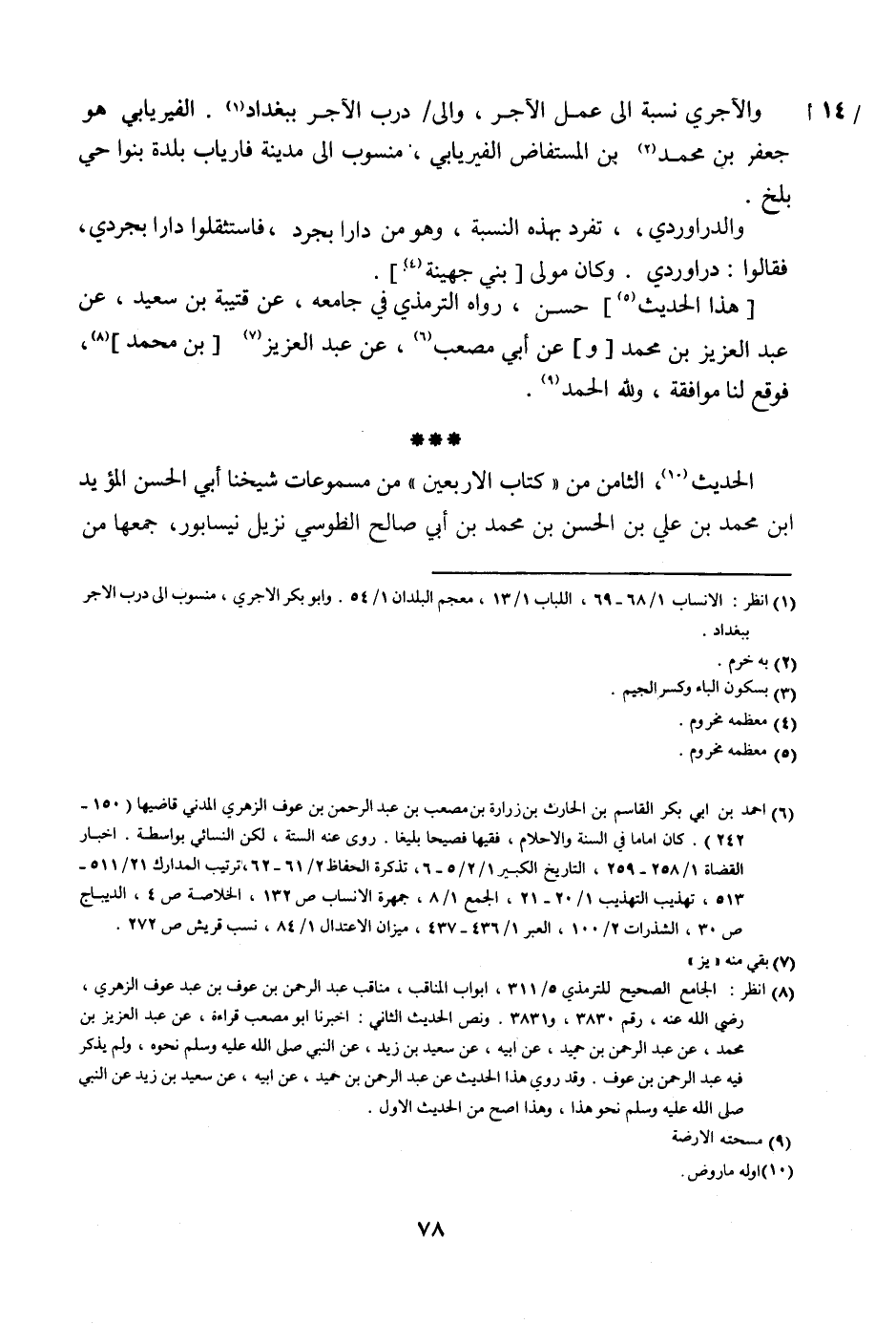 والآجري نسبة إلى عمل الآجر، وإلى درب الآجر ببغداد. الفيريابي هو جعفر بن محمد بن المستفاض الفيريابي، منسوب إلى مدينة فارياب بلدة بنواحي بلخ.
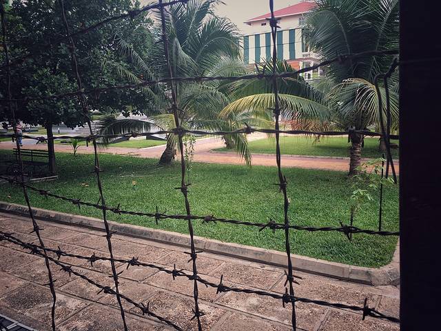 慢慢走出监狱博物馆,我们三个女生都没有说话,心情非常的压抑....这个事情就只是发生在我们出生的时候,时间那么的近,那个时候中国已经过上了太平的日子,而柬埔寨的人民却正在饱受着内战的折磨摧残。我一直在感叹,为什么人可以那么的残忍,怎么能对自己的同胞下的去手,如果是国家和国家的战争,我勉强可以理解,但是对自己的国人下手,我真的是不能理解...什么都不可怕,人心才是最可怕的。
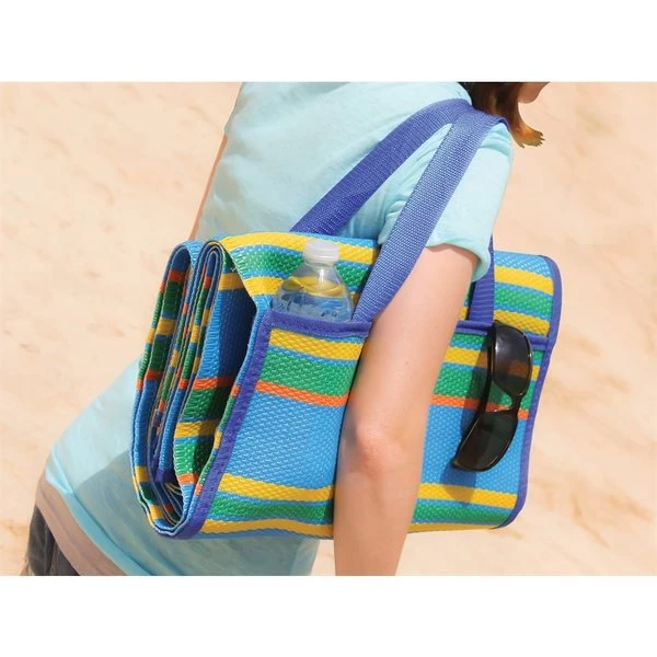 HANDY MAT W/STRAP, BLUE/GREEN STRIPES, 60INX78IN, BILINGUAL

TASK TO CARRY OUT
Give the listing again in full, exactly as it is, but without its images.

SOLUTION FOR THIS TASK
 والآجري نسبة إلى عمل الآجر، وإلى درب الآجر ببغداد. الفيريابي هو جعفر بن محمد بن المستفاض الفيريابي، منسوب إلى مدينة فارياب بلدة بنواحي بلخ.
 慢慢走出监狱博物馆,我们三个女生都没有说话,心情非常的压抑....这个事情就只是发生在我们出生的时候,时间那么的近,那个时候中国已经过上了太平的日子,而柬埔寨的人民却正在饱受着内战的折磨摧残。我一直在感叹,为什么人可以那么的残忍,怎么能对自己的同胞下的去手,如果是国家和国家的战争,我勉强可以理解,但是对自己的国人下手,我真的是不能理解...什么都不可怕,人心才是最可怕的。
 HANDY MAT W/STRAP, BLUE/GREEN STRIPES, 60INX78IN, BILINGUAL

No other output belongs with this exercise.